Long‑term Storage Options for Prometheus
Introduction
Prometheus is a powerful monitoring system and time series database. While it is efficient for short-term storage, it has limitations for long-term data retention. This lesson covers various options for extending Prometheus' storage capabilities.
Long‑term Storage Options
1. Remote Write
Prometheus can send samples to a remote storage system using the remote_write
configuration. This allows for integration with various backends such as InfluxDB, TimescaleDB, and others.
remote_write:
- url: "http://example.com/api/v1/write"
2. Thanos
Thanos is a project that extends Prometheus with long-term storage capabilities. It enables you to store metrics in object storage like S3, GCS, or Azure Blob Storage.
thanos store --objstore.config-file=./objstore.yml
3. Cortex
Cortex is another option that allows you to horizontally scale Prometheus and provides a long-term storage solution.
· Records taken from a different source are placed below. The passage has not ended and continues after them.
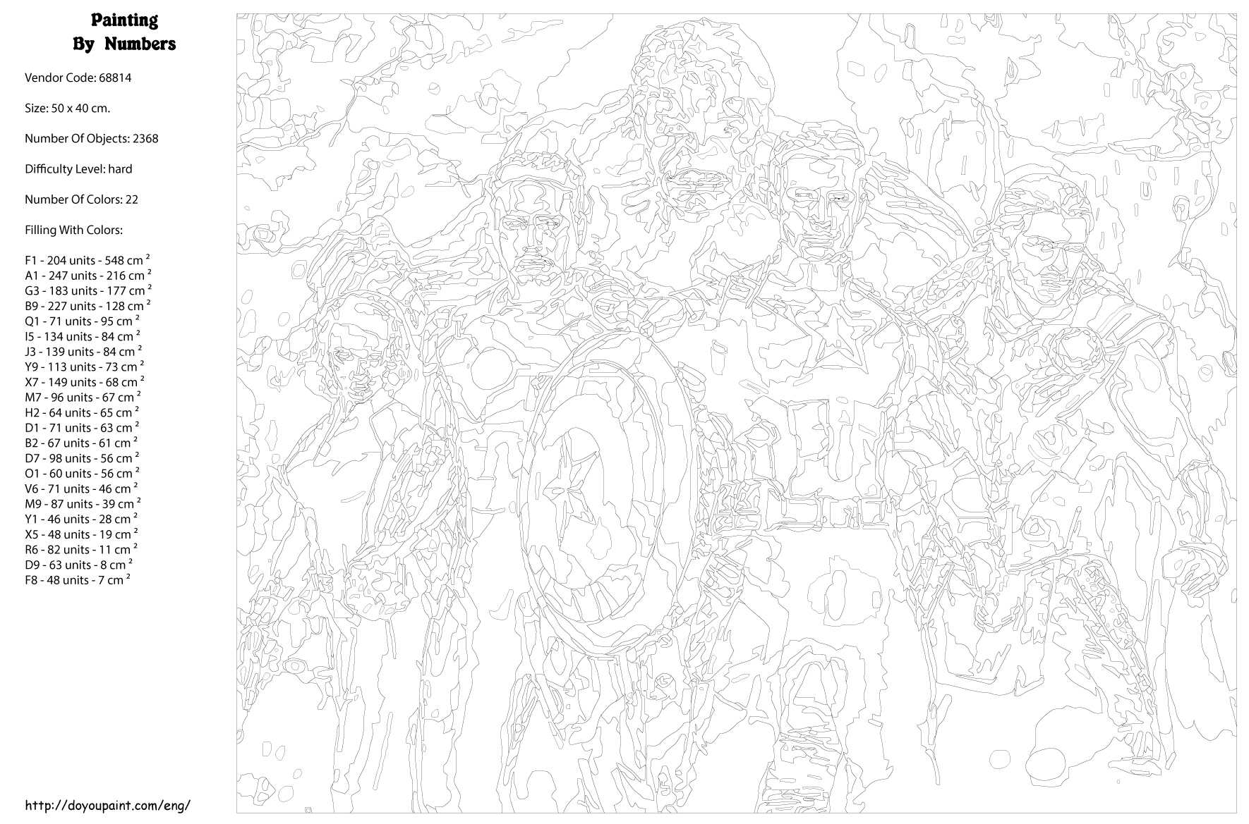 Количество красок от 18 до 24. Картина раскрашивается без смешивания красок. Высококачественные акриловые краски собственного производства сделают вашу картину яркой и уникальной. Все необходимые материалы есть в комплекте: натуральный хлопковый холст, натянутый на деревянный подрамник, баночки с акриловыми красками на водной основе, 2 кисти из качественного нейлона, схема раскрашивания, инструкция. Просто закрашивайте участки красками с соответствующим номером.
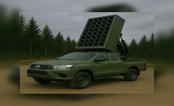 Vehicle integration— a compact launcher/mission rack designed to mount in the Hilux pickup bed with vibration-isolated electronics, power management, and a hardened comms link to the vehicle’s operator console.
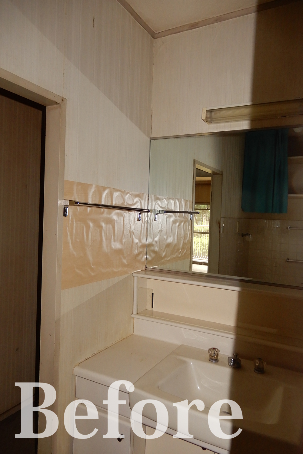 洗面室/洗面化粧台・照明の交換、天井・壁のクロス・床の貼り替えを行いました。白を基調とした清潔感のある空間に仕上がりました。

It supports various storage backends including S3, GCS, and DynamoDB.
4. Migrate to a Dedicated Database
For organizations needing extensive metrics retention, consider migrating to a dedicated time-series database like InfluxDB or TimescaleDB.
influx -import -path=path/to/metrics.csv -precision=s
5. Prometheus Operator
Using the Prometheus Operator allows for easier management of Prometheus instances and can facilitate long-term storage setups.
Best Practices
- Evaluate storage requirements based on data retention needs.
- Choose a solution that aligns with your infrastructure and scalability needs.
- Regularly review and optimize your configuration for performance.
- Consider using compression to save storage space.
- Implement monitoring on your long-term storage solution to detect issues early.
FAQ
What is the maximum retention period for Prometheus?
The default retention period is 15 days, but it can be configured using the --storage.tsdb.retention.time
flag.
Can I use multiple long-term storage options simultaneously?
Yes, you can configure Prometheus to use multiple remote write endpoints, but consider the implications on performance and data consistency.